# Winter's Coming



## balmoralboy (May 22, 2004)

Winter seems to be coming early this year, and since winter traffic at our motel has been on a decline, DW and I have decided to shut down for January, February, and March. We are going to close up completely, drain the water and heating systems, shut off the power, etc. and go away.

We'll take reservations by email and phone messages from wherever we are. So,

If you had three months Jan-March and no work to do, what would you do? where would you go? why?

Guidelines I can offer are:

We will probably drive from Nova Scotia, and enjoy driving, so mainland north America is a good choice. Anywhere else we would have to hook up a car unless public transit is really good.
But if you know a great place, we should fly to, we're open to ideas.

Neither of us are much on cold weather.

We're both more the people watching kind than the activity type. Prefer to sit on the beach or at a cafe or talk to people than go roller-blading.

Languages spoken: English, enough French to sell (or buy!) a room.
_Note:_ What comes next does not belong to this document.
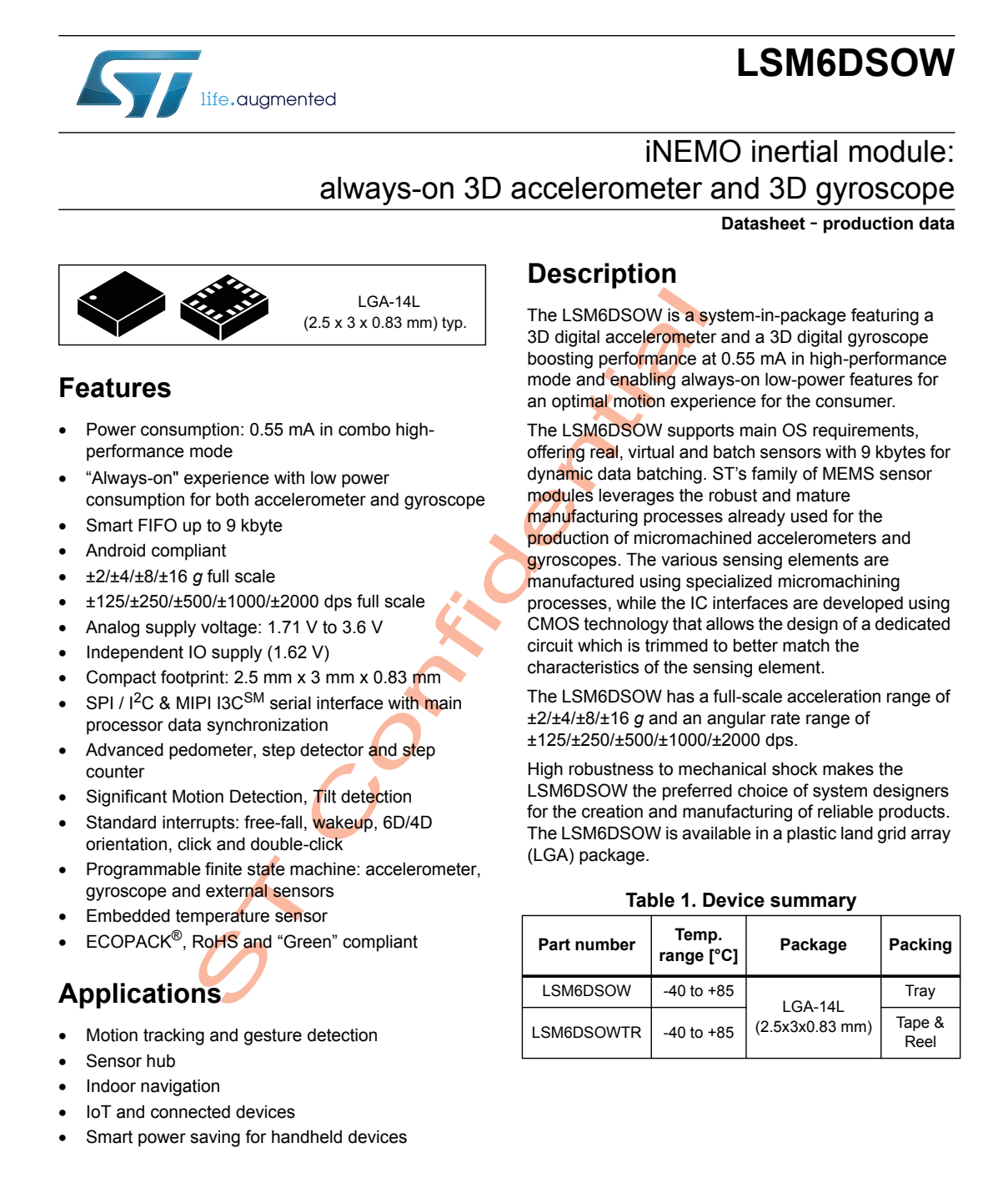 ST意法半导体LSM6DSOWTR传感器,一款支持状态机的6轴传感器,提供更丰富的交互设计补充,内置状态机支持抬腕亮屏,运动数据追踪等功能。

Budget: US$8-10,000 for three months.

thanks for your advice!


----------



## guest (Sep 16, 2003)

go someplace warm... 
The florida keys are beautiful duruing those months... you can get a place for fairly cheap.. we go for a week in feb and it costs us about 1000-1200$ for lodging and dining

well worth a visit.. not sure if you could live 3 months down there for 10K but you could have a great extended vaca... 

some florida keys pics 

Rod goes down for the winter too.. maybe he'd take you on a boat ride!!


----------



## balmoralboy (May 22, 2004)

Hi John,

Sent you a private message. 

What a lovely spot! Whereabouts is it?

Any ideas on how I find a spot like that? The net, I suppose.

Thanks


----------